This week, high performance network vendor, Arista Networks, held a digital “Cloud Innovators” event. The company has used events like this before to make some major product announcements and this event was no different, as the company announced its network data lake, or NetDL in product terms.
NetDL is the next step in the evolution of the Arista platform and addresses the rise in artificial intelligence-driven networking.
Arista was a pioneer in software driven networking
Arista came to market as one of the first vendors to move to a centralized software model where its operating system, EOS, was decoupled from the underlying hardware. Arista products were built with a centralized in-memory state database making networks much more reliable and programmable.

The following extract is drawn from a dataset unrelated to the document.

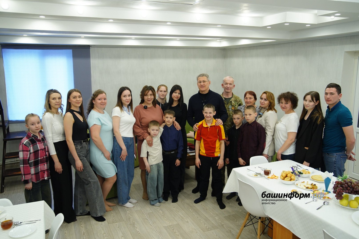Во время рабочей поездки в Благовещенск Глава Башкортостана Радий Хабиров посетил многодетную семью Валиевых – Вервельских, воспитывающую 30 детей. Среди них трое родных, двое усыновленных и 25 приемных. По словам Ирины Вервельской, 13 старших детей уже создали свои семьи и живут отдельно, один служит в армии, пятеро – школьники, а девять обучаются в вузах и колледжах. Также в семье есть родственники, участвующие в специальной военной операции: два сына и три зятя. Первого приемного ребенка супруги взяли в 2004 году. Глава семьи, Вахид Валиев, заключил контракт и отправился на СВО в сентябре прошлого года, а сейчас находится в отпуске. В ходе встречи Радий Хабиров вручил ему медаль генерала Шаймуратова. Валиев отметил, что решение участвовать в операции принял осознанно, а его семья полностью его поддержала. Перед отъездом он собрал детей и распределил между старшими домашние обязанности. За чаепитием Ирина Вервельская поделилась историей того, как семья построила дома в одном районе Б
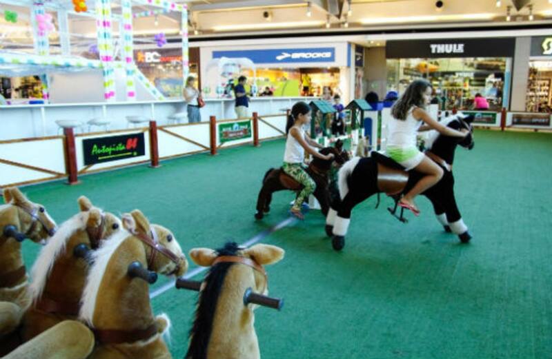 En el primer piso del Mall Sport hay unos caballitos para que los niños se hagan una idea de cómo es subirse a uno de verdad. El lugar se llama Riding Park, la réplica en miniatura de una cancha de salto, con un circuito que pueden recorrer sobre un potro de juguete que se desplaza gracias a pedales y rueditas. Son ideales para niños de entre tres y siete años, pero algunos soportan hasta 70 kilos, así es que es opción para los hermanos de todas las edades, que pueden simular una carrera.

The second phase of Arista evolution came in 2016 when it released its network database, NetDB, which was a consolidation of all data from Arista products. This includes alerts, flows, packet information, control plane traffic and device state streaming.
NetDB created a single platform for application and ecosystem development. Since its inception, Arista’s differentiator has been a single image across all its products, which made the creation of NetDB possible.
Almost all other vendors have a separate operating system for the WAN, WiFi, campus and other places in the network. Creating a network wide database would require ingesting the various sources of information and normalizing it, which would require a tremendous amount of heavy lifting
NetDL powers the next wave of Arista innovation
NetDL takes NetDB and adds a number of other data sources, including Internet and systems information and data from third parties such as Zoom, Zscaler, VMware, Microsoft and Palo Alto Networks.
This gives Arista a much broader set of data to process, analyze and derive operational insights from. NetDL can be thought of as a “single source of truth” for network data that enable better forensics and analytics for threat hunting, network packet brokers, network detection and response, performance monitoring and application experience monitoring.
All this data has existed for years but there was a missing link that made interpreting the data possible today, where it wasn’t in the past and that’s the rise of artificial intelligence. NetDL is a massive amount of data an AI requires data to be effective. In data sciences, there’s an axiom that states “good data leads to good insights” and that’s certainly true but it’s also a fact that partial data leads to incomplete insights.
The use of AI with NetDB might trigger some interesting information about the network but would be blind to the impact of the findings on cybersecurity, application performance and others.
AI plus NetDL enables faster threat hunting and app performance monitoring
With siloed networking and security, threat actors are able to breach a network and move laterally slowly, which keeps them hidden in plain sight as there is too much data to analyze manually. Even if the breach is detected, finding the source can be difficult, if not impossible as tracing the breach to another part of the network requires correlation across a number of systems and by the time its found, data has likely been exfiltrated.
NetDL sees everything across the network and security systems and enables the correlation of even the smallest anomalies, which can be used to find the source of the breach and automate the reprogramming of the network to minimize the damage.
Similarly, a Zoom call that falls under the threshold of acceptable quality could trigger an inspection of the network to troubleshoot the problem and isolate the problem. In a recent AIOps study conducted by ZK Research, we found that some engineers spend half of their time troubleshooting the network.
That’s because network troubleshooting can be very difficult, particularly in this era of software defined everything, cloud and mobility as a problem in one device can have a ripple effect and cause problems elsewhere. AI applied to NetDL can quickly see there’s an application problem and then quickly identify where in the path of traffic the problem emanated from.
Autonomous networks is on the near term horizon
Another benefit of NetDL is that it enriches Arista’s autonomous virtual assistant, AVA. The combination of AVA + NetDL can shift network operations from a reactive model to one that’s proactive as the virtual agent can watch the entire network 24x7x365 and use AI / ML models to predict when a problem will occur. AVA can then guide network operators through fixing the problem before its business impacting.
The partners announced this week should be thought of as a starting point for NetDL. During the event, Arista hinted at others coming in 2022 and will including a range of companies including other strategic partners and ISVs to deliver market and customer specific or application specific insights.
The IT industry has existed in silos for decades, but that model no longer works as applications are now cloud delivered and users are on the move. NetDL brings together a “full stack” of data to let the network understand not only what happened but why it happened.